Compare memory address:

a==b

and compare contents:

*a==*b

Comparing pointers is not portable, for example in DOS different pointer values points to the same location, comparison of the pointers returns false.

/*--{++:main.c}--------------------------------------------------*/
#include <dos.h>
#include <stdio.h>
#include <stdlib.h>
int main(void)
{
  int   val_a = 123;
  int * ptr_0 = &val_a;
  int * ptr_1 = MK_FP(FP_SEG(&val_a) + 1, FP_OFF(&val_a) - 16);

  printf(" val_a = %d -> @%p\n", val_a, (void *)(&val_a));
  printf("*ptr_0 = %d -> @%p\n", *ptr_0, (void *)ptr_0);
  printf("*ptr_1 = %d -> @%p\n", *ptr_1, (void *)ptr_1);

  /* Check what returns the pointers comparison: */
  printf("&val_a == ptr_0 ====> %d\n", &val_a == ptr_0);
  printf("&val_a == ptr_1 ====> %d\n", &val_a == ptr_1);
  printf(" ptr_0 == ptr_1 ====> %d\n",  ptr_0 == ptr_1);

  printf("val_a = %d\n", val_a);

  printf(">> *ptr_0 += 100;\n");
             *ptr_0 += 100;

  printf("val_a = %d\n", val_a);

  printf(">> *ptr_1 += 500;\n");
             *ptr_1 += 500;

  printf("val_a = %d\n", val_a);

  return EXIT_SUCCESS;
}
/*--{--:main.c}--------------------------------------------------*/

Compile it under Borland C 5.0, here is the result:

/*--{++:result}--------------------------------------------------*/
 val_a = 123 -> @167A:0FFE
*ptr_0 = 123 -> @167A:0FFE
*ptr_1 = 123 -> @167B:0FEE
&val_a == ptr_0 ====> 1
&val_a == ptr_1 ====> 0
 ptr_0 == ptr_1 ====> 0
val_a = 123
>> *ptr_0 += 100;
val_a = 223
>> *ptr_1 += 500;
val_a = 723
/*--{--:result}--------------------------------------------------*/

It depends on the types of the values, and the way that operators happen to have been defined. For example, string comparison is by value, not by address. But char * is by address normally (I think).

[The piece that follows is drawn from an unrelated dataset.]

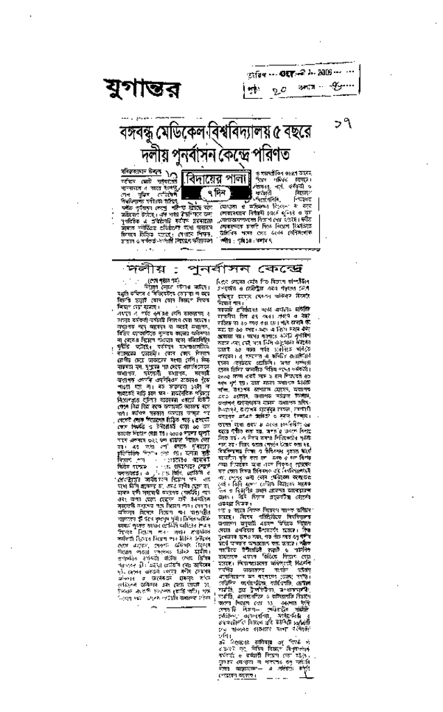 বঙ্গবন্ধু মেডিকেল বিশ্ববিদ্যালয় ৫ বছরে দলীয় পুনর্বাসন কেন্দ্রে পরিণত Published on Newspaper দৈনিক যুগান্তর Category Professional Education Professional Education Medical Download

A big trap for the unwary. There is no guaranteed pointer comparison operator, but

  (void *)a == (void *)b 

is probably fairly safe.

Simple code to check pointer aliasing:

int main () {
    int a = 10, b = 20;
    int *p1, *p2, *p3, *p4;

    p1 = &a;
    p2 = &a;
    if(p1 == p2){
        std::cout<<"p1 and p2 alias each other"<<std::endl;
    }
    else{
        std::cout<<"p1 and p2 do not alias each other"<<std::endl;
    }
    //------------------------
    p3 = &a;
    p4 = &b;
    if(p3 == p4){
        std::cout<<"p3 and p4 alias each other"<<std::endl;
    }
    else{
        std::cout<<"p3 and p4 do not alias each other"<<std::endl;
    }
	return 0;
}

Output:

p1 and p2 alias each other
p3 and p4 do not alias each other